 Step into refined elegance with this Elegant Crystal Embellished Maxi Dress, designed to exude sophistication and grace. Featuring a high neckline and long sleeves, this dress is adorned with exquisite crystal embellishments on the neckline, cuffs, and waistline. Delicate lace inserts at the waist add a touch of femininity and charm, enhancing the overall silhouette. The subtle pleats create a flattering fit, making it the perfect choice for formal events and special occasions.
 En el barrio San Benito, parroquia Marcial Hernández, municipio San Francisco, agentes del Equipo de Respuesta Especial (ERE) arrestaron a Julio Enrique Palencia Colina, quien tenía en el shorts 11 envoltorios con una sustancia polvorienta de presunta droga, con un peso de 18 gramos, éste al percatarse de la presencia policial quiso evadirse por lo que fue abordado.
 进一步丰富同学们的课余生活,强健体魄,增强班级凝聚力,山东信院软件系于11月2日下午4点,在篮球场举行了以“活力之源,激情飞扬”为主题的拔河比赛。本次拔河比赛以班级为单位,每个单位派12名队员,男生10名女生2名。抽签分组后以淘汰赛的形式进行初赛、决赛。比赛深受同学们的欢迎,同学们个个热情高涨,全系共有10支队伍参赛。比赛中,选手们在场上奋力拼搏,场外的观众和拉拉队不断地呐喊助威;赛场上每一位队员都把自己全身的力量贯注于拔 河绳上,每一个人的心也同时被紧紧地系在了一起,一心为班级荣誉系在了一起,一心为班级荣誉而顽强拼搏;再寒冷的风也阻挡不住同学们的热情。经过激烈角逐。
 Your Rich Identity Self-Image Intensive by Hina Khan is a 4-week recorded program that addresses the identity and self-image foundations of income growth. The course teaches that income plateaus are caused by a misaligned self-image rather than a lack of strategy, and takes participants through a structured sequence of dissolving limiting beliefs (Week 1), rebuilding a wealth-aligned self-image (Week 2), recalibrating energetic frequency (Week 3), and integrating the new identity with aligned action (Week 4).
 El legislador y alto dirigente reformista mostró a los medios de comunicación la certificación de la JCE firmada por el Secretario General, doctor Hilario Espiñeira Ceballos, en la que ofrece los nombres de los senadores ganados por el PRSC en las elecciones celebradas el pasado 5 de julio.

Your task:
Take the lines from the top of the data through the one that contains "En el barrio" and copy them exactly, leaving out every line after it.

Task solution:
 Step into refined elegance with this Elegant Crystal Embellished Maxi Dress, designed to exude sophistication and grace. Featuring a high neckline and long sleeves, this dress is adorned with exquisite crystal embellishments on the neckline, cuffs, and waistline. Delicate lace inserts at the waist add a touch of femininity and charm, enhancing the overall silhouette. The subtle pleats create a flattering fit, making it the perfect choice for formal events and special occasions.
 En el barrio San Benito, parroquia Marcial Hernández, municipio San Francisco, agentes del Equipo de Respuesta Especial (ERE) arrestaron a Julio Enrique Palencia Colina, quien tenía en el shorts 11 envoltorios con una sustancia polvorienta de presunta droga, con un peso de 18 gramos, éste al percatarse de la presencia policial quiso evadirse por lo que fue abordado.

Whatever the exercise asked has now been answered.